(Collection entries)

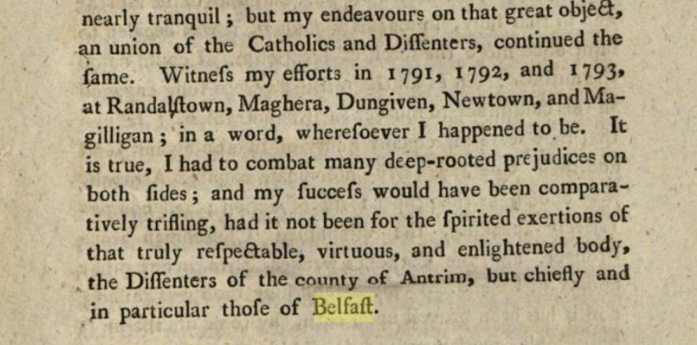 Commenting on his political activities in Antrim and Londonderry in the early 1790s he says:
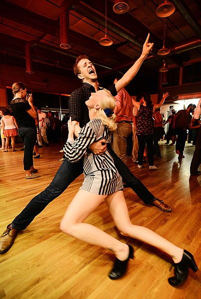 Ben White dances with Jenna Applegarth at Eastside Stomp in Seattle May 17. White and Applegarth have made several trips to teach in Montana.
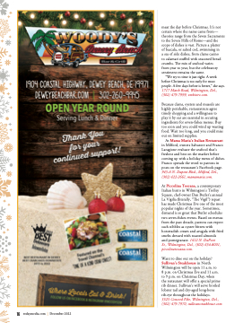 At Mama Maria’s Italian Restaurant in Milford, owners Salvatore and Franco Laragione evaluate the seafood that’s freshest and best on the market before coming up with a holiday menu of dishes. Franco spreads the word to patrons in posts on the restaurant’s Facebook page. 945-A N. Dupont Blvd., Milford, Del., (302) 422-2661, mamamaria.com.
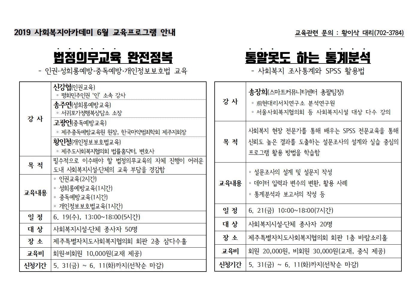 2019년도 사회복지아카데미 6월 교육프로그램 참가 안내
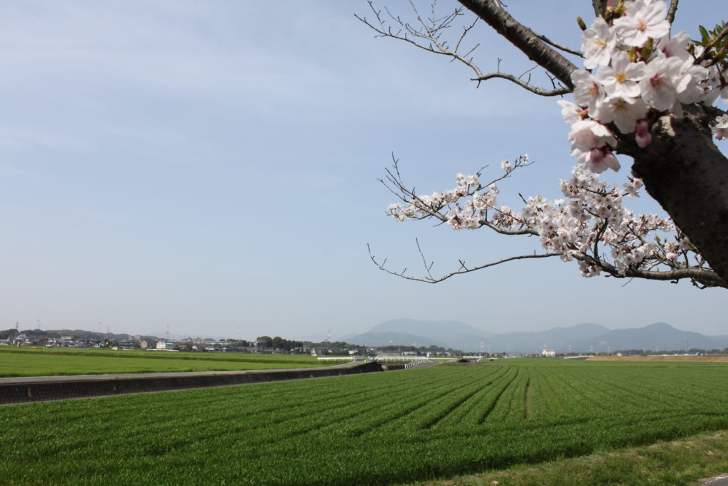 青々とした麦畑と桜
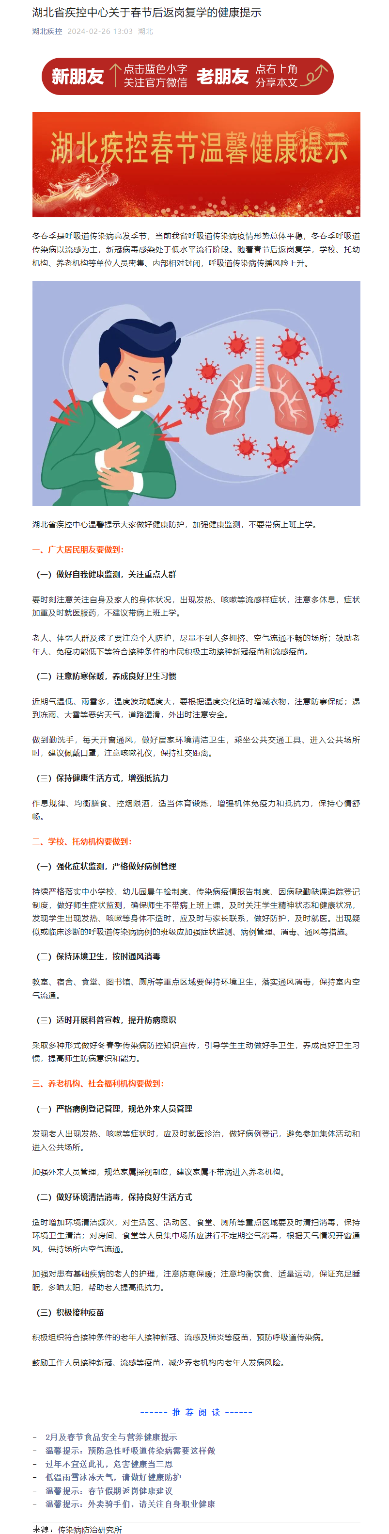 湖北省疾控中心關(guān)于春節(jié)后返崗復(fù)學(xué)的健康提示

__WHAT THIS TASK INVOLVES__
Reproduce nothing but the lines from the line containing "2019년도 사회복지아카데미 6월 교육프로그램 참가 안내" through the last line of the data above, exactly as written and without pictures.

__RESULT OF THIS TASK__
 2019년도 사회복지아카데미 6월 교육프로그램 참가 안내
 青々とした麦畑と桜
 湖北省疾控中心關(guān)于春節(jié)后返崗復(fù)學(xué)的健康提示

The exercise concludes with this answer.